ADNAN OKTAR: Fussilet Suresi, 10. Ayet, şeytandan Allah’a sığınırım; “Orda (yerde) onun üstünde sarsılmaz dağlar var etti.” Dağlar, büyük binalar, büyük gökdelenler; sarsılmaz. Hepsini Allah yaratıyor. Sırf dağlara bakmıyor. Dağlar demek; yüksek olan, taştan, betondan olan her şey, topraktan olan her şey. “Sarsılmaz,” özellikle gökdelenler. “Onda bereketler yarattı.” Ticaret, imkanlar, ziraat, hayvancılık, hepsi… “İsteyip-arayanlar için eşit olmak üzere ordaki rızıkları dört günde takdir etti.” Dört gün. “Sonra” diyor Cenab-ı Allah, “duman halinde olan göğe yöneldi.” 11. ayet. “Böylece ona ve yere dedi ki: ‘İsteyerek veya istemeyerek gelin.’ İkisi de: ‘İsteyerek geldik’ dediler.” Ayetleri böyle ince ince incelersek, detay detay incelersek; ayetlerde bazı olaylar şifreli, kapalı işaretler olduğunu görüyoruz. 11. ayet, 11 Eylül; “Sonra, duman halinde olan göğe yöneldi;” Her yer duman, değil mi? İkiz kulelerin çöküşünde akıl almaz bir duman bulutu ve toz bulutu her yeri kapladı ama çok müthiş bir toz ve duman.

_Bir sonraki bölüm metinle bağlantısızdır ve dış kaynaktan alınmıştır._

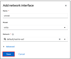[Add network interface] ボタンからVM専用ネットワークに接続するためのNICを追加します。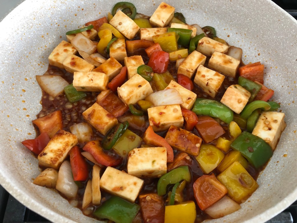 - Add in the sauce and mix until all the veggies and paneer are coated. Continue to cook the mixture until the sauce has thickened and coated the veggies.

Bak, ayette diyor ki; “Böylece ona ve yere dedi ki: ‘İsteyerek veya istemeyerek gelin.’ İkisi de:” iki kule de, “‘İsteyerek itaat ederek geldik’ dediler.” Nereye? Yere. Allah, “gelin” dedi mi, kulelerin ikisi de aşağı indi. Allah’ın emrine uydular. İkisi de bir dağdı, kum gibi eridiler. “O gün dağların kum gibi eridiğini görürsün” diyor ayette, değil mi? Orada da iki bina mucizedir, o iki binanın erimesi. Koskoca gökdelen. Görülmüş bir şey değil. İlk defa oluyor bu. Hiç görülmüş bir şey değildir bu. Yani o tarzda bir bina erimesi, gökdelen erimesi hiç olmadı, ilk defa oluyor. “Sonra duman halinde olan göğe yöneldi.” 11 Eylül. 11. ayet. “Böylece ona ve yere dedi ki: ‘isteyerek veya istemeyerek gelin.’ İkisi de:” iki kulenin ikisi de, “‘isteyerek geldik’ dediler.” Yere geliyorlar. Bu anlattığım işari manası, zahir anlamın dışında. Ayetin gelişi de zaten ona yönelik.